Ich denke die Pumpe muss im Teich stehen damit der ganze dreck/mulm vom Boden weg kommt.
Wieso ist das nicht der Fall? Wie soll ich das ganze dann mit der Pumpe installieren? 
An einen Skimmer dachten wir auch schon. Diesen wollten wir aber über die Pumpe laufen lassen der den Wasserfall speist oder ist das schlecht?
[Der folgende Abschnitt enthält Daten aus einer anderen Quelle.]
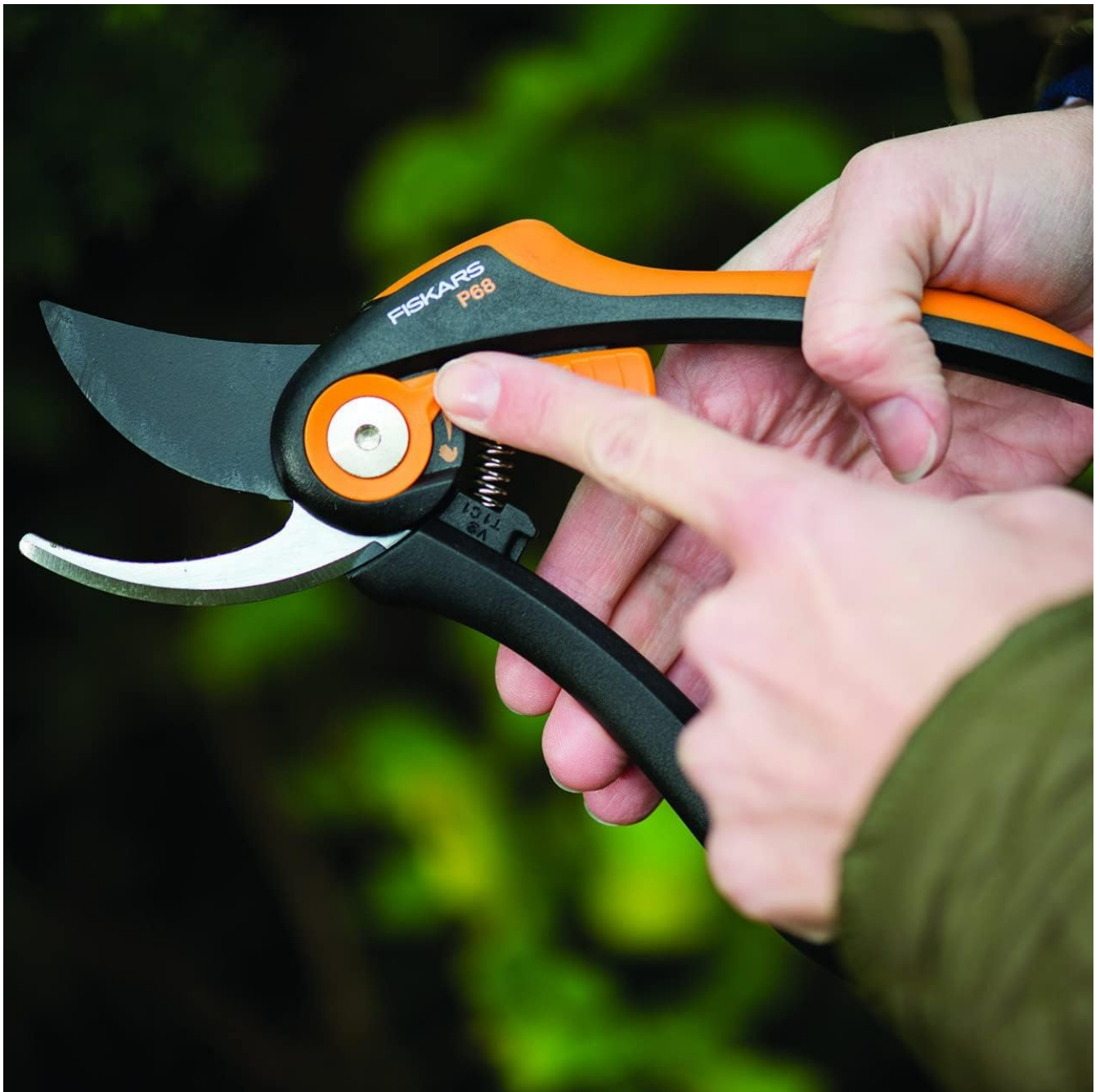
Image: A hand demonstrating the unlocking mechanism of the Fiskars SmartFit Pruner, showing the spring and orange lock.

Mit der unteren Stufe werde ich mich mal mit dem Oberhaupt zusammen setzen.

Gruß Andy


----------



## XxGabbeRxX (16. Aug. 2016)

Hallo Leute,
Ich und meine Partnerin sind wieder zurück. 
Mit dem Teich sind wir bisher nicht nicht viel weiter gekommen.
Das ausen rum haben wir erstmal alles fertig gemacht. 
Nu mach ich mir immer noch sorgen um die Technik.
Normal würde hier jeder sagen Bodenablauf mit 100 er Rohr und skimmer an der Seite mit 75 er Rohr. 
So nu kommt aber das leidige Thema das wir nur Mieter sind und das ganze nicht uns gehört. Wären wir Eigentümer würde ich das alles auch so machen mit Bodenablauf und skimmer.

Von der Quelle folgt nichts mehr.